[ASSIGNMENT]:
For the listing below, the answer is an exact retyping of the lines from the one with "图:概念视频《HYPER-R" through the one with "Folding metal frame, resin", both included, without pictures.
[DATA EXCERPTS Boundary: Start]
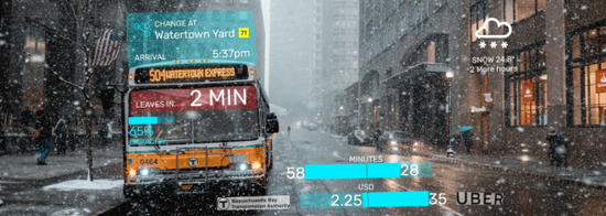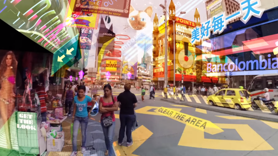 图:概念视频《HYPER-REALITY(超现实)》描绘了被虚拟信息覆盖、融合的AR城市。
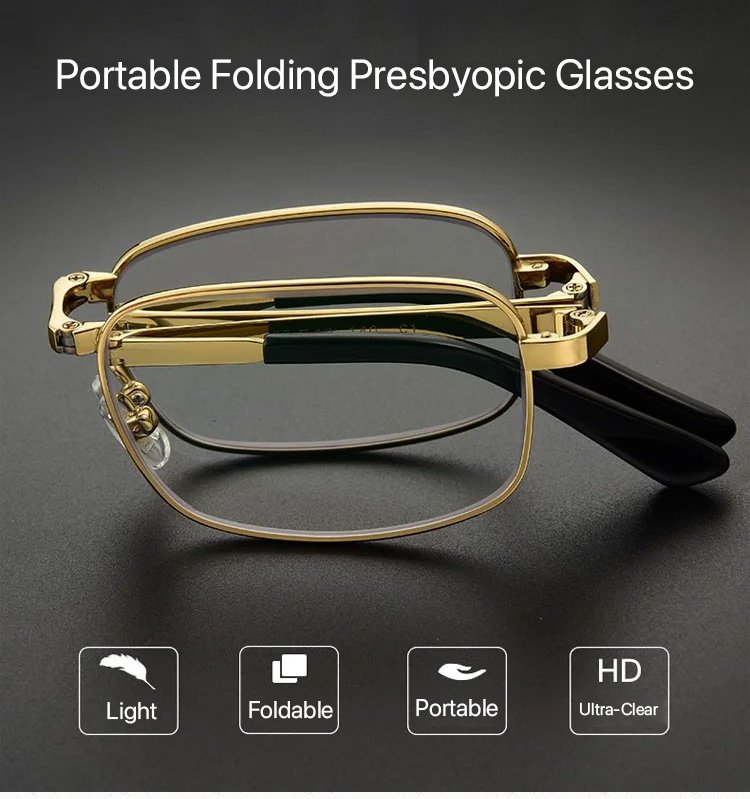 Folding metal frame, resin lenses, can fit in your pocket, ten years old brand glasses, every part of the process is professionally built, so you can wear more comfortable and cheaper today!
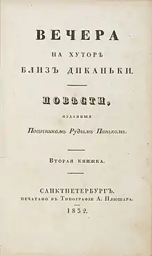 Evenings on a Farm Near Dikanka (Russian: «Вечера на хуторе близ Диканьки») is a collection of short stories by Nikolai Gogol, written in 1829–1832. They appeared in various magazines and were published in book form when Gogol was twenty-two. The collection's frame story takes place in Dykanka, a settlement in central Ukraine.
[DATA EXCERPTS Boundary: End]
[DATA EXCERPTS Boundary: Start]
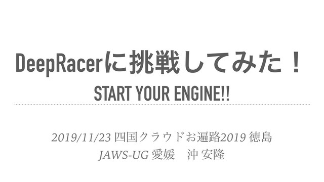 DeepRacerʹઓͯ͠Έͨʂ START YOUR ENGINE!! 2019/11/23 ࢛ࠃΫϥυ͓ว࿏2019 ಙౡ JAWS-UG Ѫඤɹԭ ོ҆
[DATA EXCERPTS Boundary: End]
[SOLUTION]:
 图:概念视频《HYPER-REALITY(超现实)》描绘了被虚拟信息覆盖、融合的AR城市。
 Folding metal frame, resin lenses, can fit in your pocket, ten years old brand glasses, every part of the process is professionally built, so you can wear more comfortable and cheaper today!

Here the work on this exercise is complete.